*Problem details*. Take the lines from the head of the listing through the one bearing "2 Impalcature marca" and copy them exactly, leaving every picture out.

*Dataset section*.
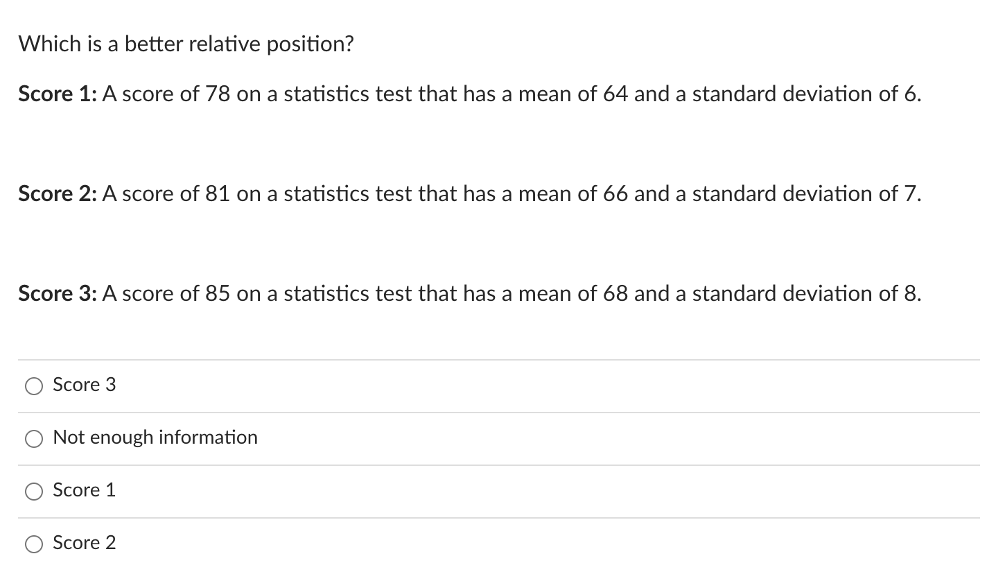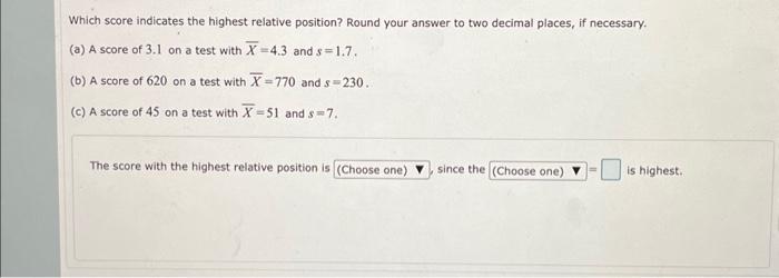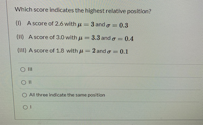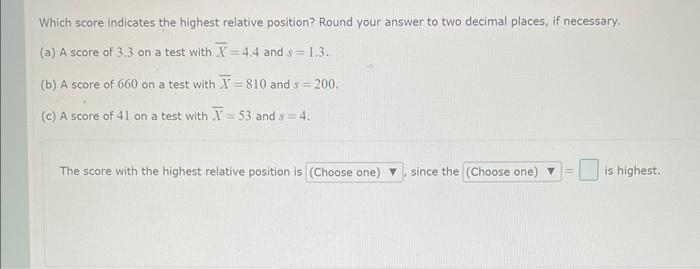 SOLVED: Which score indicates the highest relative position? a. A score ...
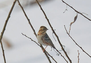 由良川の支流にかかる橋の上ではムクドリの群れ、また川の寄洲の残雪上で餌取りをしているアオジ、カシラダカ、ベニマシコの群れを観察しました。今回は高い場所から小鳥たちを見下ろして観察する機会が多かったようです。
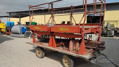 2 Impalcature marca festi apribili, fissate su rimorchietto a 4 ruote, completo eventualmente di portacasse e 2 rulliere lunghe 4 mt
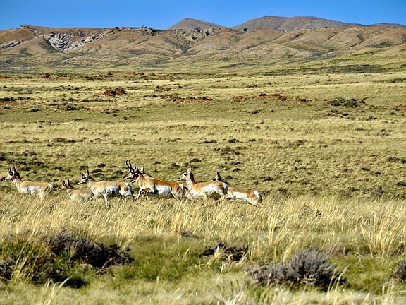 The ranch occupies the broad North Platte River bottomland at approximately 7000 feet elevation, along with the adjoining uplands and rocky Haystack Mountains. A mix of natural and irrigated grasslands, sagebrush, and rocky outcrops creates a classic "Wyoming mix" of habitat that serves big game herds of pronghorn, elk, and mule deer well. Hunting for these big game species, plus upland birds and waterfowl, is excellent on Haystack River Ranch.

*Result of the exercise*.
 SOLVED: Which score indicates the highest relative position? a. A score ...
 由良川の支流にかかる橋の上ではムクドリの群れ、また川の寄洲の残雪上で餌取りをしているアオジ、カシラダカ、ベニマシコの群れを観察しました。今回は高い場所から小鳥たちを見下ろして観察する機会が多かったようです。
 2 Impalcature marca festi apribili, fissate su rimorchietto a 4 ruote, completo eventualmente di portacasse e 2 rulliere lunghe 4 mt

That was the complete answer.